## Your objective
Copy exactly the lines of the material below that fall between the line with "This return address" and the line with "Solari Erbolario Crema", both of those lines included; pictures stay out.

## Records shown
- - - -

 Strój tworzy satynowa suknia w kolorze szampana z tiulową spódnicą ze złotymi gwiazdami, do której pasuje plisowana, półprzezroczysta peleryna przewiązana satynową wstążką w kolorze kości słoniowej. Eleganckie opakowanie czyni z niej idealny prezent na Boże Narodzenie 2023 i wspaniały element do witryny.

- - - -

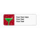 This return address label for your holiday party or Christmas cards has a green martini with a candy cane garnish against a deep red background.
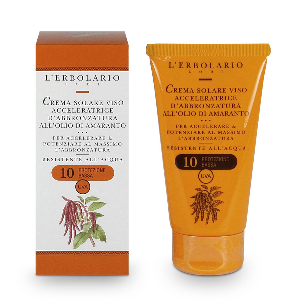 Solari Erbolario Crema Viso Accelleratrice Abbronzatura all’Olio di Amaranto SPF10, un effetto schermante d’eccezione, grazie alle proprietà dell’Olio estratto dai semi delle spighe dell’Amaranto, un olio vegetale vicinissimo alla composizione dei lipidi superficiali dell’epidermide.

- - - -

## Written solution
 This return address label for your holiday party or Christmas cards has a green martini with a candy cane garnish against a deep red background.
 Solari Erbolario Crema Viso Accelleratrice Abbronzatura all’Olio di Amaranto SPF10, un effetto schermante d’eccezione, grazie alle proprietà dell’Olio estratto dai semi delle spighe dell’Amaranto, un olio vegetale vicinissimo alla composizione dei lipidi superficiali dell’epidermide.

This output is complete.